• **Information supplied**
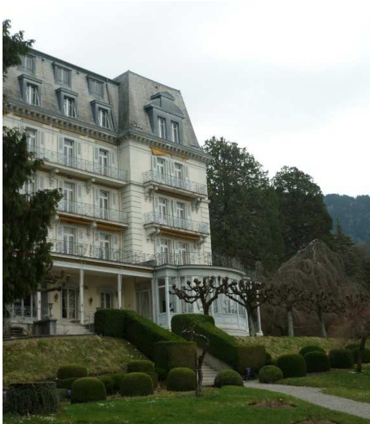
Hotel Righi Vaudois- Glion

--

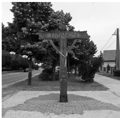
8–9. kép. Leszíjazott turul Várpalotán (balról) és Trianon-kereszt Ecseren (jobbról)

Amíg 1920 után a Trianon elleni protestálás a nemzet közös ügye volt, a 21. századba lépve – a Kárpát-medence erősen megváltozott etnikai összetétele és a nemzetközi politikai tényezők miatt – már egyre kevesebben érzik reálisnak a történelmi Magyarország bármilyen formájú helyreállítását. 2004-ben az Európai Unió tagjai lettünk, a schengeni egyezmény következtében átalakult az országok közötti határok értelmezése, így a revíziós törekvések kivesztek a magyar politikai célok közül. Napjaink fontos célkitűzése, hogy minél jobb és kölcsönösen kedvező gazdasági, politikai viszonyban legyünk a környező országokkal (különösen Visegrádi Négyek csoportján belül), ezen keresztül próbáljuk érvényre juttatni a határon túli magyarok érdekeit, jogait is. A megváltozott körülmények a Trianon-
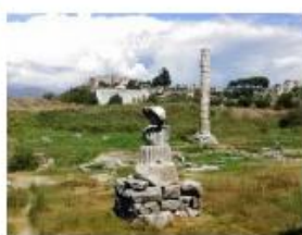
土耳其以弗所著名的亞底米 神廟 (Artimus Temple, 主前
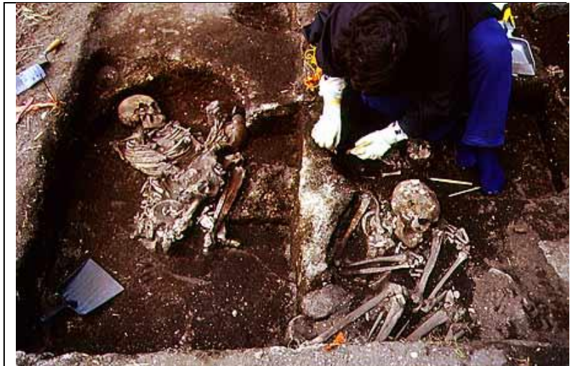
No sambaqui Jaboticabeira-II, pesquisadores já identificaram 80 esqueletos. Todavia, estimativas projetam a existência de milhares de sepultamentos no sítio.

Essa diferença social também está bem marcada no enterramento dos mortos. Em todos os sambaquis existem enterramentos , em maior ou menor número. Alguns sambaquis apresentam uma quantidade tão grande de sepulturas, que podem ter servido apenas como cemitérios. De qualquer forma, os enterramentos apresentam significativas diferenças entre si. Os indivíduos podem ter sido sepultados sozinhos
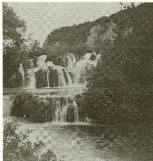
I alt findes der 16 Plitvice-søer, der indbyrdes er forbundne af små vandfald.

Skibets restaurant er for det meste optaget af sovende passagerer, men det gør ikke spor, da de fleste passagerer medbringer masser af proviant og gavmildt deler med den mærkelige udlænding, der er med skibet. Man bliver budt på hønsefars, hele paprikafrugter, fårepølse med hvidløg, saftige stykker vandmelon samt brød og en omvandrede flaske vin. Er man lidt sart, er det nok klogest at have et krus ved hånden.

* * *

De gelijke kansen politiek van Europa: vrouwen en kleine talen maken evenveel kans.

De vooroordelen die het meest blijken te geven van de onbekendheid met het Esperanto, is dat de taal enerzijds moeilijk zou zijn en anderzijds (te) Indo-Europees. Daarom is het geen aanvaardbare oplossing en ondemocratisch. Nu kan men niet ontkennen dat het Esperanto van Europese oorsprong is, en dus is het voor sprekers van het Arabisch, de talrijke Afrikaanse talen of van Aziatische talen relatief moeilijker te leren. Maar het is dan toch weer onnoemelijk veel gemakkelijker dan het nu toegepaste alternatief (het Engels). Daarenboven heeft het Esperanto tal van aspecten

• **Exercise brief**
Please give again the lines above between the line holding "I alt findes" and the line holding "Skibets restaurant er", inclusive, exactly as they are and with nothing added.

• **Solution to this task**
I alt findes der 16 Plitvice-søer, der indbyrdes er forbundne af små vandfald.

Skibets restaurant er for det meste optaget af sovende passagerer, men det gør ikke spor, da de fleste passagerer medbringer masser af proviant og gavmildt deler med den mærkelige udlænding, der er med skibet. Man bliver budt på hønsefars, hele paprikafrugter, fårepølse med hvidløg, saftige stykker vandmelon samt brød og en omvandrede flaske vin. Er man lidt sart, er det nok klogest at have et krus ved hånden.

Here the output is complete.